*Problem statement:* Once the line holding "The Used Serviceable" appears, repeat it and each line after it to the end of the data, exactly and with nothing else; pictures stay out.

*The data:*
=======

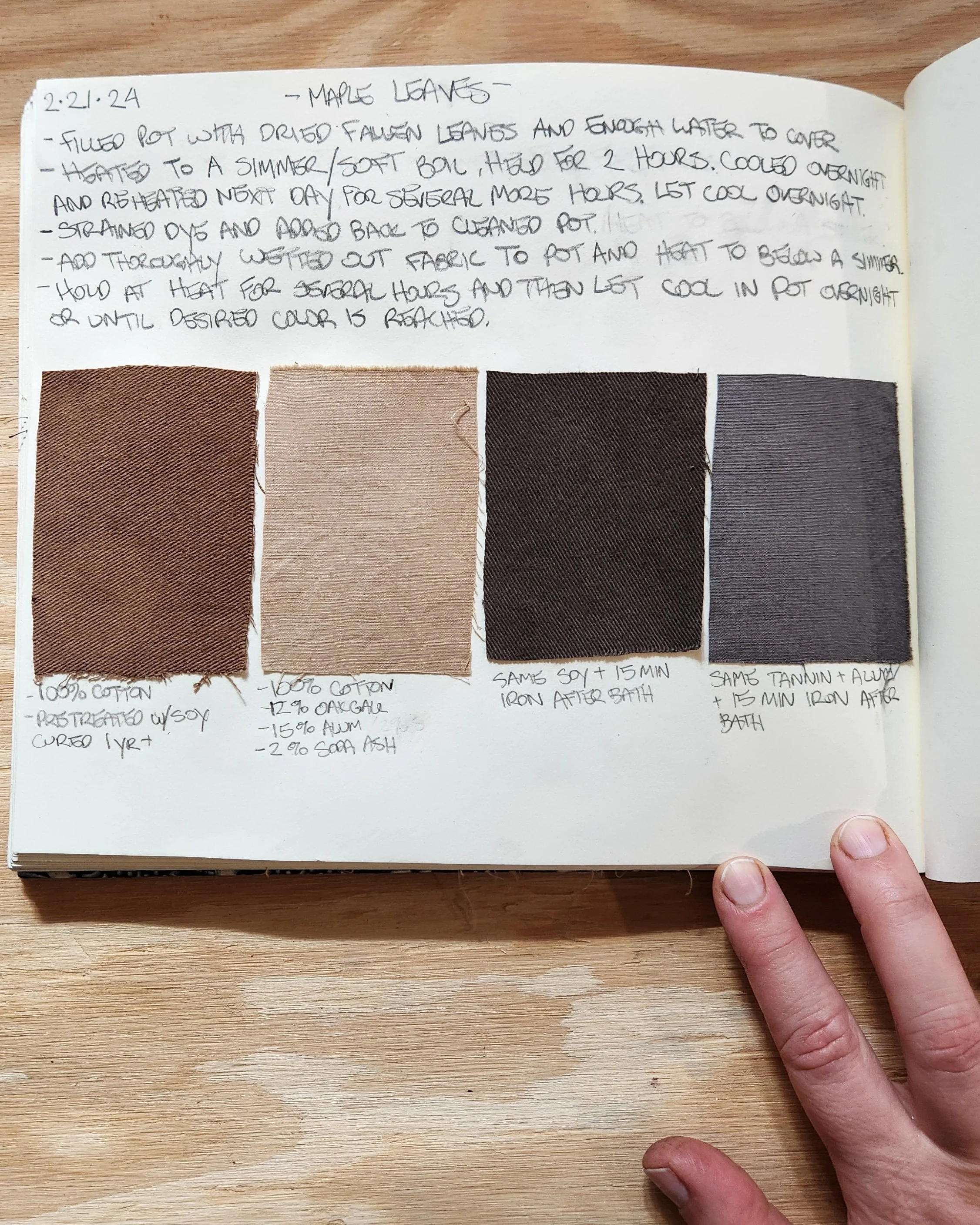 I began this journal many years ago as a grad student taking my first natural dye course. I handmade the book with covers wrapped in indigo-dyed Dutch cloth from my collection of vintage textiles, and finished it with brick-pattern endpapers that I letterpress printed. As my natural dye practice grew more intentional in early 2021, I found myself returning to this journal. It has become the place where I record process notes each time I work with a new plant dye or technique. I see my dye journal as an essential tool in my practice, but also an art form in its own right.
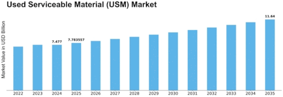 The Used Serviceable Material (USM) Market is undergoing a profound transformation, driven largely by rapid advancements in technology that are redefining how industries repair, refurbish, certify, and reuse high-value components. As organizations increasingly adopt circular-economy practices, technology has become the cornerstone enabling USM to shift from a cost-saving alternative to a trusted, high-performance procurement strategy. According to Market Research Future (MRFR), the USM market was valued at USD 7.477 billion in 2024 and is projected to reach USD 11.64 billion by 2035, growing at a 4.1% CAGR. This steady growth is tightly linked to technological innovation that continues to improve the efficiency, reliability, and transparency of USM operations.
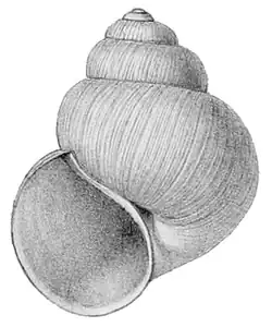 drawing of apertural view of the shell of Lanistes ovum, a freshwater snail which is native to Mozambique
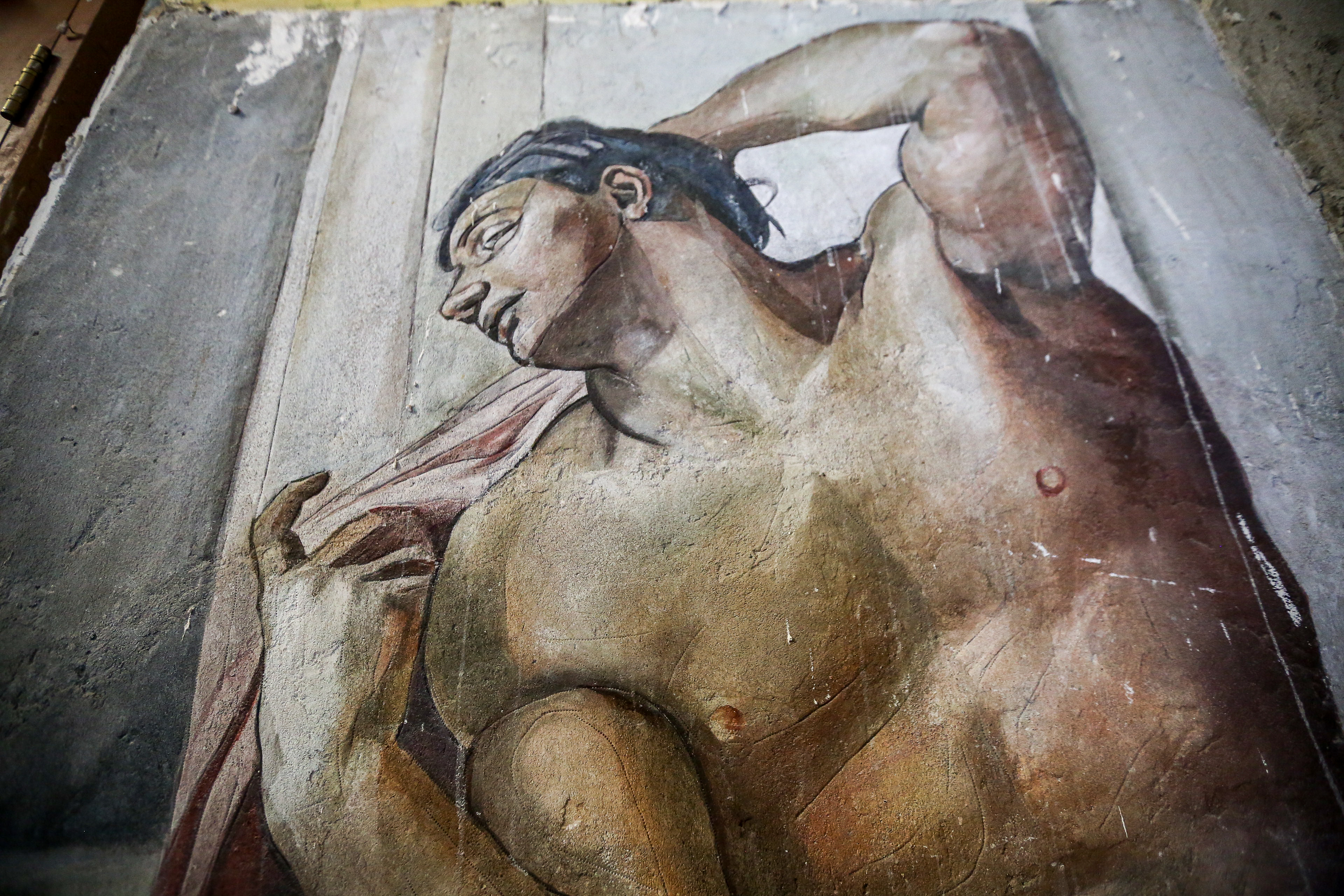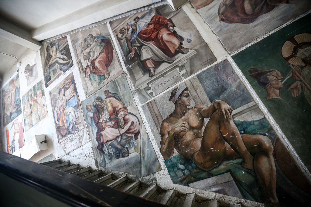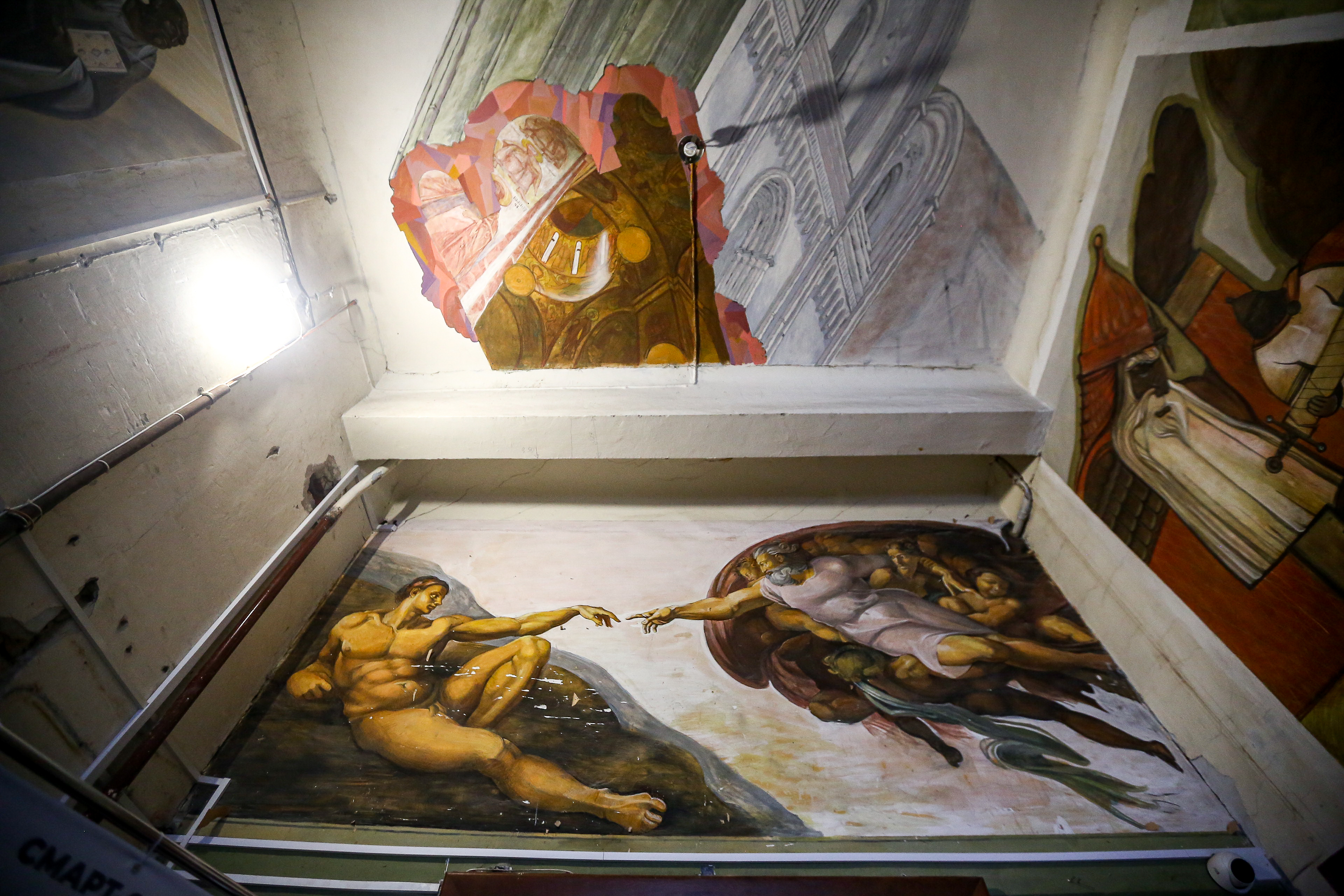 В экспозиции есть как учебные копии известных шедевров, так и оригинальные авторские работы. Пожалуй, самой впечатляющей стал список фрески Микеланджело Буонарроти «Сотворение Адама». Она находится на пятом этаже южной лестницы, под самым потолком. Если повезёт, то полотно можно увидеть с улицы.

=======

*Output of the task:*
 The Used Serviceable Material (USM) Market is undergoing a profound transformation, driven largely by rapid advancements in technology that are redefining how industries repair, refurbish, certify, and reuse high-value components. As organizations increasingly adopt circular-economy practices, technology has become the cornerstone enabling USM to shift from a cost-saving alternative to a trusted, high-performance procurement strategy. According to Market Research Future (MRFR), the USM market was valued at USD 7.477 billion in 2024 and is projected to reach USD 11.64 billion by 2035, growing at a 4.1% CAGR. This steady growth is tightly linked to technological innovation that continues to improve the efficiency, reliability, and transparency of USM operations.
 drawing of apertural view of the shell of Lanistes ovum, a freshwater snail which is native to Mozambique
 В экспозиции есть как учебные копии известных шедевров, так и оригинальные авторские работы. Пожалуй, самой впечатляющей стал список фрески Микеланджело Буонарроти «Сотворение Адама». Она находится на пятом этаже южной лестницы, под самым потолком. Если повезёт, то полотно можно увидеть с улицы.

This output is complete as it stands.